Someone mentioned an FO called Santa's Pipe.  I haven't tried it but the hubby keeps asking for a tobacco scent so I think I will.


----------



## seaturtle (Apr 4, 2011)

I have a nice leather scent from Day Star called Saddle Shop. It holds up well in cp soap.

WSP's Santa's Pipe smells more like cherry than tobacco.


----------



## llineb (Apr 4, 2011)

seaturtle said:
			
		

> I have a nice leather scent from Day Star called Saddle Shop. It holds up well in cp soap.
> 
> WSP's Santa's Pipe smells more like cherry than tobacco.



Oh bummer!  My hubby was excited I had found that fragrance.  I'm glad I didn't order it yet!


----------



## lisamaliga (Apr 5, 2011)

Oregon Trail Soaps has a very realistic Bay Rum. Here's a link:
http://www.oregontrailsoaps.com/products.php?cat=9&scat=42


----------



## TJ (Apr 6, 2011)

I got a leather Fragrance Oil from Wellington. I have to say, it's not my cup of tea, but I wanted to see what it was like and plus it was free!  It reminds me of a new car. Lol.


----------



## lsg (Apr 7, 2011)

I ran across this formula for leather in my notes:

• leather - (8 drops) this combination of essential oils approximates a leather note.

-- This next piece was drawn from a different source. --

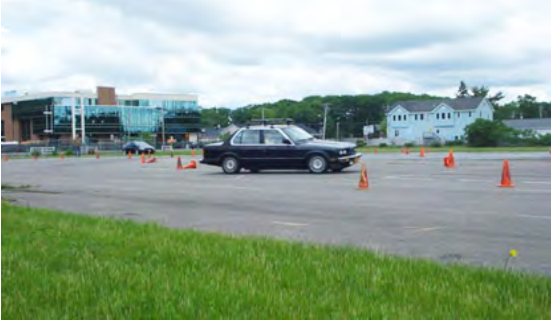
One of the many BMWs making its way through the course

	2 drops	cade (1%) -- (or 1 drop juniper berry)	application(s) 		
	2 drops	clary sage			
	2 drops	oakmoss (10%)			
	2 drops	vetiver			


the addition of musk fragrance oil makes a wonderful "leather musk" blend. -- 
	8 drops	musk (fragrance oil)


with the further addition of lavender, this makes a simple variation of "english lavender".

	8 drops	lavender, bulgarian


----------